The dominoes will fall here. However long it takes, everyone will own bitcoin at exactly the price that they deserve to. Hal Varian’s rule (former Google Chief Economist) remains true:
“A simple way to forecast the future is to look at what rich people have today; middle-income people will have something equivalent in 10 years, and poor people will have it in an additional decade.” – Google’s chief economist Hal Varian.
It was true of washing machines, it was true of televisions and it will be true of bitcoin. However, the chances of most people owning an entire bitcoin are falling fast. What rich people have today is “some bitcoins”. In a decade or so everyone will have “some bitcoin”. The “somes” are not the same though.
A sad story
‘Think without borders’ is the trendy tagline of the British newspaper the New European. Their political reporter, James Ball, has been writing about bitcoin for over 10 years. Trump’s win causing him to wade back into battle.
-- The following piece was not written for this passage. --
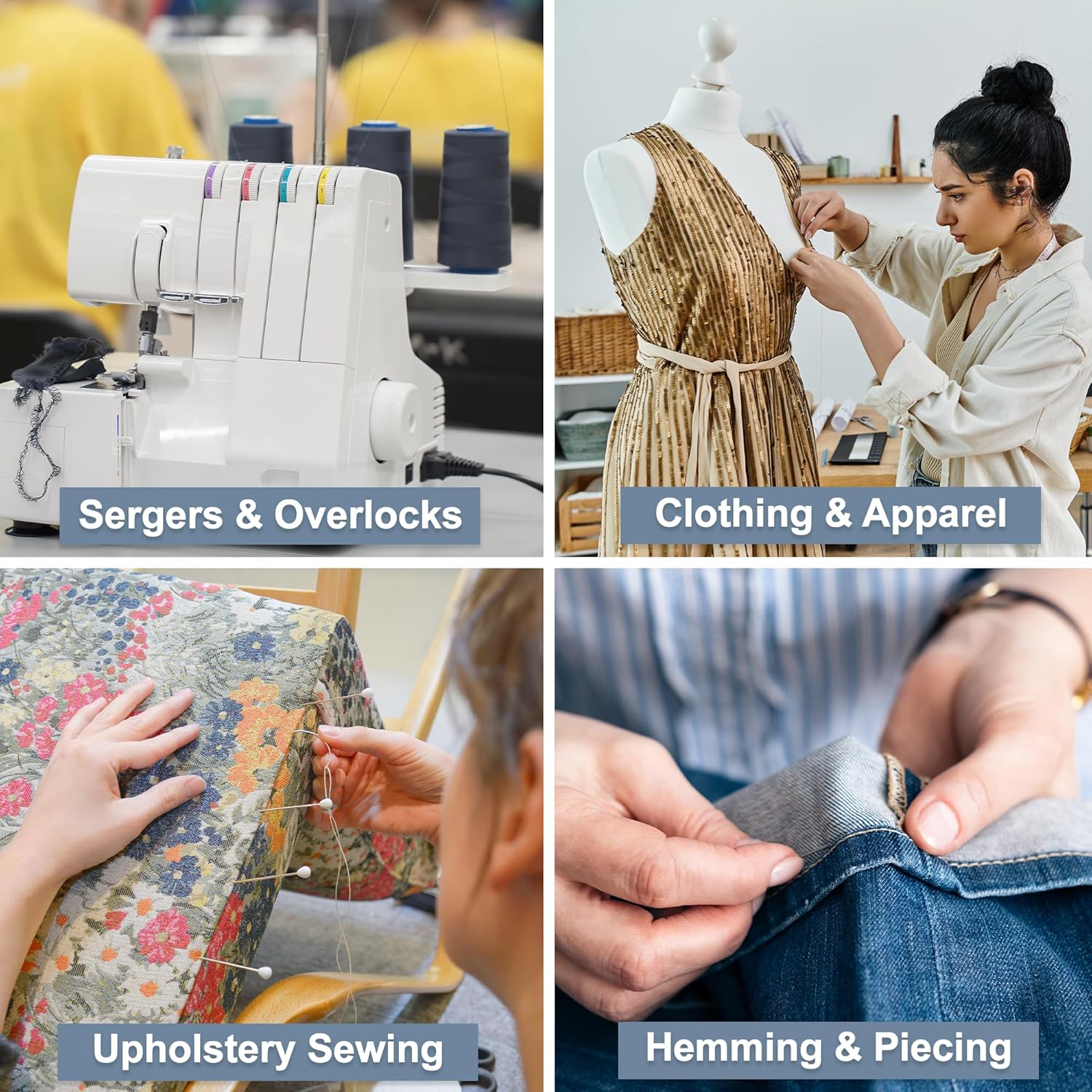 - Sturdy Polyester Serger Thread on Cones: Compared to other cone thread for sergers, the fray & shrink-free serger machine thread is stronger, with minimal lint, can withstand high-speed sewing & tension, prevent breakage & ensure long-lasting seams.

During the years that I have written about Bitcoin, it has been priced at as little as one penny per coin.
The general thrust of his new article is that nobody uses bitcoin or cryptocurrencies as ‘actual currency’; so the project is a failure. I’m not sure how this claim can still credibly be made. Bitcoin recently surpassed the pound’s market cap. I am not arguing that it currently rivals fiat transactional volume. Simply, that the market judges it as valuable overall as Britain’s monetary base. Gold, which tops the board, is hardly ever used in settlement transactions and yet somehow the market judges it the most valuable, only because it is scarce.
The article went on in the usual vein, energy use, bad; criminals, bad. I was about to give up until this:
When reporting an early story on Bitcoin, someone offered to send me around 200 Bitcoin so that I’d have “firsthand experience of handling and using them”. I turned it down under ethics rules at the time, as they were worth £30 or so.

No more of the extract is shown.